Bankruptcy and foreign issues
This fact sheet covers England & Wales. You will need different advice if you live in Scotland.
This fact sheet tells you when you can go bankrupt in England or Wales if you live abroad. Bankruptcy is an official order that ends your liability for most debts after a certain period of time, usually one year. If you are struggling to pay your debts, bankruptcy can help you to make a fresh start. However, bankruptcy is a serious option and it is important that you understand what bankruptcy means before choosing to apply.
Use this fact sheet to:
- check if you may be able to go bankrupt in England or Wales when you live abroad;
- understand what is likely to happen after you go bankrupt;
- understand the effect that a bankruptcy order in England or Wales may have on you abroad; and
- see if your creditors may still be able to take action against you abroad after you have gone bankrupt in England or Wales.

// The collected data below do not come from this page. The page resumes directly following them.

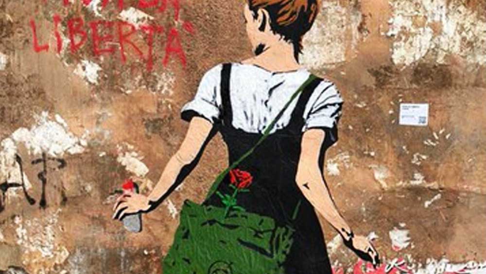 In via Rasella a Roma, una strada che custodisce nella sua memoria uno dei capitoli più intensi della Resistenza, è apparso un nuovo murale firmato da Tvboy. L’opera, realizzata in occasione dell’ottantesimo anniversario della Liberazione, ritrae una giovane di spalle, con una borsa a tracolla, una rosa e una bomboletta spray, simboli potenti di speranza e lotta.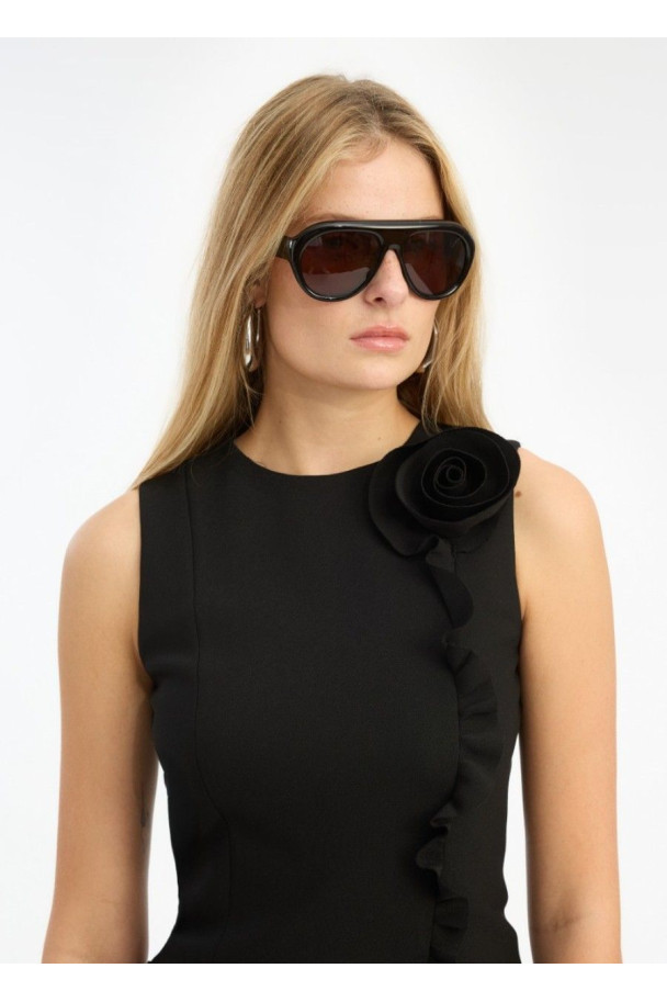 Su silueta aviador redondeada, junto con las lentes oscuras, la superficie lisa y brillante y las patillas anchas, crea un diseño equilibrado, sofisticado y con personalidad.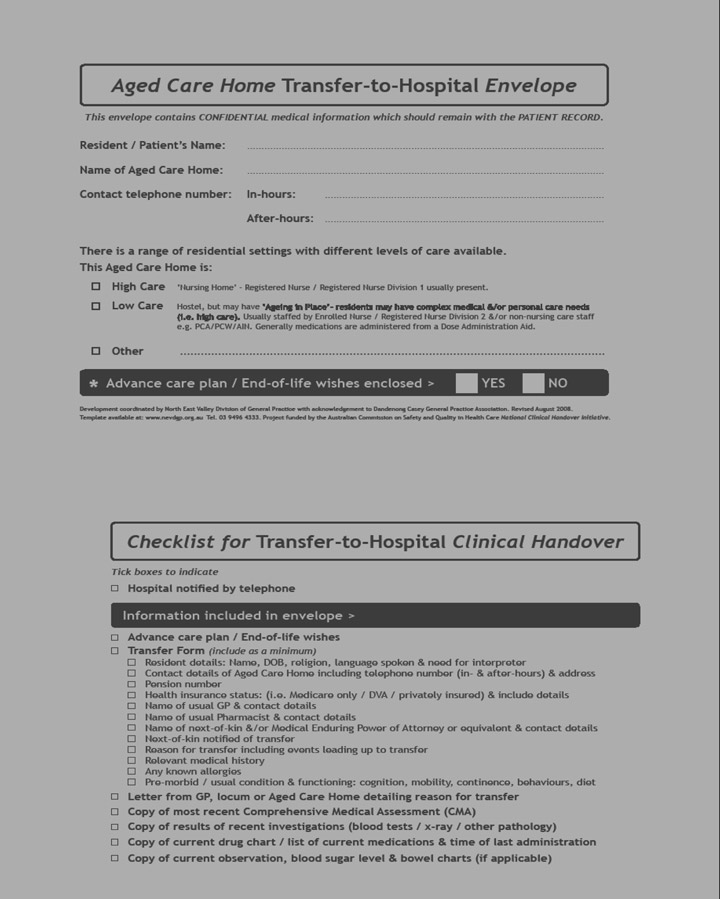 The Envelope was developed under the Aged Care GP Panels Initiative (2004–2008), funded by the Australian Department of Health and Ageing. The project was coordinated by the North East Valley Division of General Practice, with acknowledgement to Dandenong Casey General Practice Association for the original idea of a dedicated ACH-to-hospital transfer envelope. The Envelope trial was funded by the Australian Department of Health and Ageing through the Australian Commission on Safety and Quality in Health Care’s National Clinical Handover Initiative. We acknowledge the contribution of our partner Divisions of General Practice: Impetus, Melbourne East General Practice Network, Melbourne General Practice Network, Northern Division of General Practice, Pivot West and Westgate General Practice Network; staff of all ACHs, EDs and ambulance services involved in the trial; and members of the reference group, for invaluable input to the project and commitment to improving the care of older people in residential care. Thanks to Dr Andrew Dent, former Director of the ED at St Vincent’s Hospital, Melbourne, for the birth of the checklist.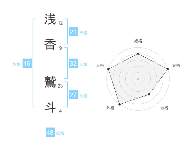 浅香 鷲斗さんの総格は48画の4点!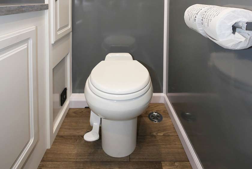 The has thermostat heat, and air conditioning in addition to a wall mounted fan forced in both restrooms. Ceiling installed vents will provide additional ventilation. LED high-hat ceiling lighting delivers plenty of light inside the restroom. Electricity for the operates from a generator or standard 110-volt outlet.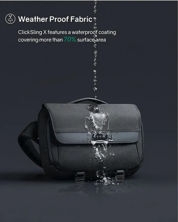 ClickSling Xは表面の70%を防水加工を施した素材を使用し撥水性を高めているため、防水加工と大きなフラップ(フタ部分)の相乗効果でちょっとした雨でしたら中まで侵入しにくい仕様となっております。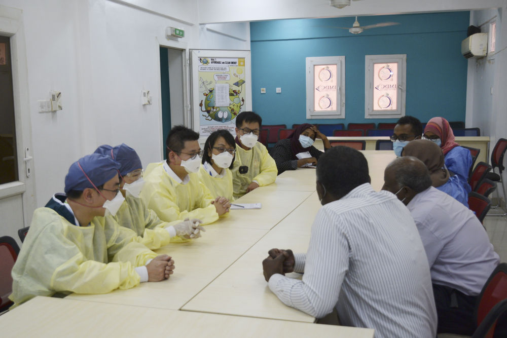 2020年6月2日,在苏丹喀土穆的易卜拉欣·马利克教学医院,中国抗疫医疗专家组成员同苏丹医务工作者交流。(新华社记者马意翀摄)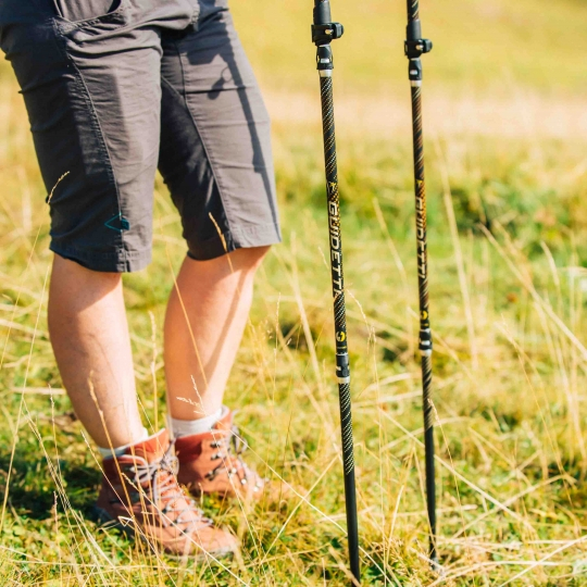 La conception de ces bâtons de marche pliables et durables repose sur un savant équilibre entre légèreté et robustesse : les trois brins supérieurs sont réalisés en carbone, un matériau reconnu pour sa capacité à absorber efficacement les vibrations, tandis que le brin inférieur est en aluminium 7075. Ce dernier, utilisé dans l’aéronautique, confère au bâton une résistance accrue à la torsion et à la déformation. Ce compromis entre carbone et aluminium les rend particulièrement adaptés aux terrains minéraux ou aux pierriers.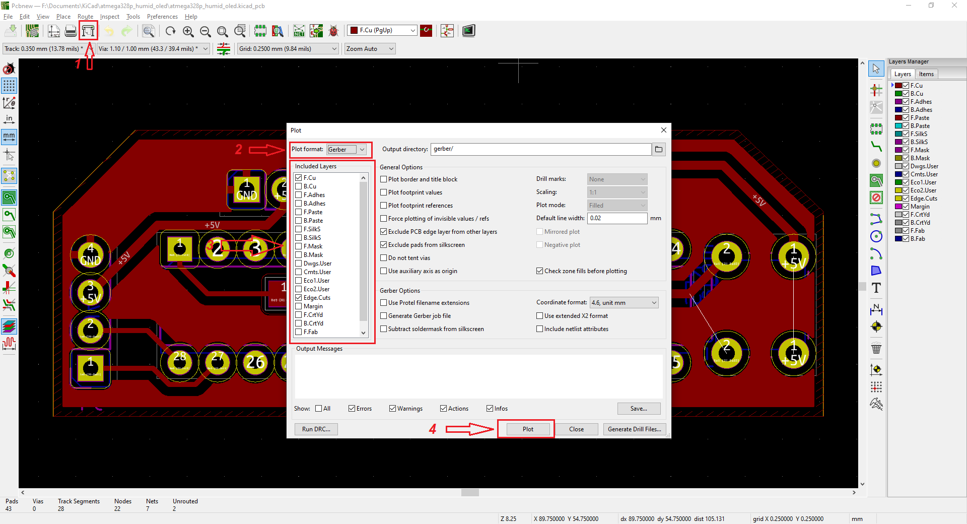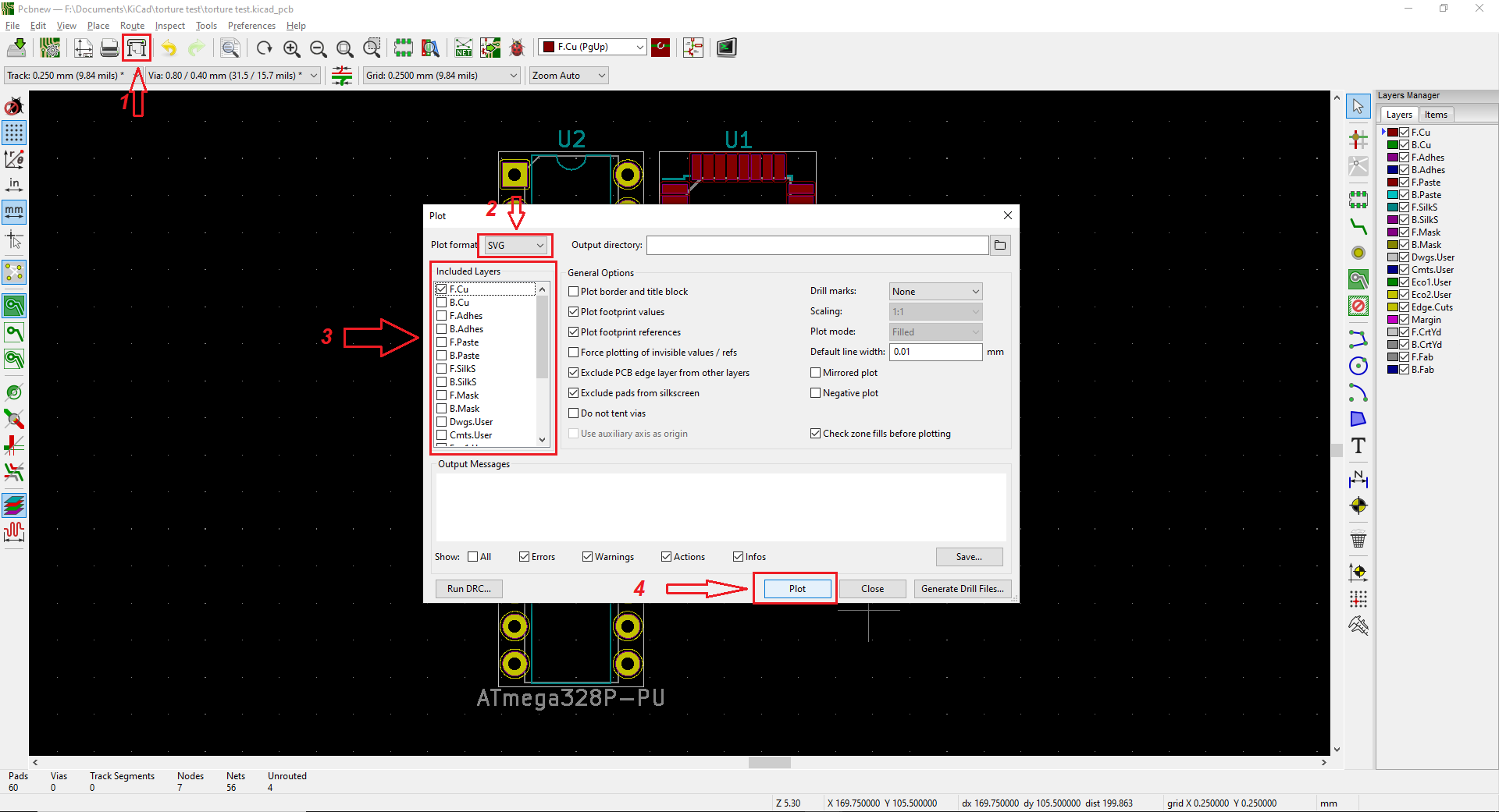 First, plot the layers F.cu and Edge.Cuts with plot format set as Gerber

Bankruptcy in England or Wales if you live abroad
If you live outside of the UK, you can still go bankrupt in England or Wales if you:
- have lived in England or Wales at any point in the three years before you apply for bankruptcy; or
- have had a business in England or Wales at any point in the three years before you apply for bankruptcy.
You cannot go bankrupt in England or Wales if you are living in Scotland or Northern Ireland.
A bankruptcy order in England and Wales will not be automatically recognised abroad and creditors may still take action against you in the country you are living in. For more information, see the later sections Moving abroad after bankruptcy, Assets abroad and Foreign creditors.
How to apply
You must apply online at www.gov.uk. Your application will be sent to an adjudicator at the Insolvency Service. They will check that you cannot pay your debts as they fall due and that England or Wales is the correct place for you to go bankrupt. This means that if you do not meet the criteria described in the earlier section Bankruptcy in England or Wales if you live abroad, your application will be refused. You do not have to go to a court hearing. The adjudicator will make their decision within a maximum of 28 days of receiving your application.
If the adjudicator refuses to make a bankruptcy order, they will send you a notice to tell you this. This is called a ‘notice of refusal’. This notice must tell you why the adjudicator did not make you bankrupt. You can ask the adjudicator to review their decision but you must do this within 14 days of the notice of refusal being delivered. When the adjudicator reviews their decision, you cannot provide them with any new information. You must give reasons for asking the adjudicator to review their decision, but they can only consider the information you provided with your original application. If the adjudicator still does not make you bankrupt, they must send you a notice to confirm this.
You can appeal to the court against the adjudicator's final decision. You must do this within 28 days of getting the notice which confirms the adjudicator’s decision following your request for a review. If you want to appeal to the court against an adjudicator’s final decision, you will need extra help. Contact us for advice about finding the type of help that you need.
After a bankruptcy order has been made, you will need to provide the official receiver with further information. The official receiver handles the administration of your bankruptcy. You may be asked to complete further forms or provide certain documents. The official receiver may ask you to attend their office for an interview. In some situations, they may be happy to interview you over the phone.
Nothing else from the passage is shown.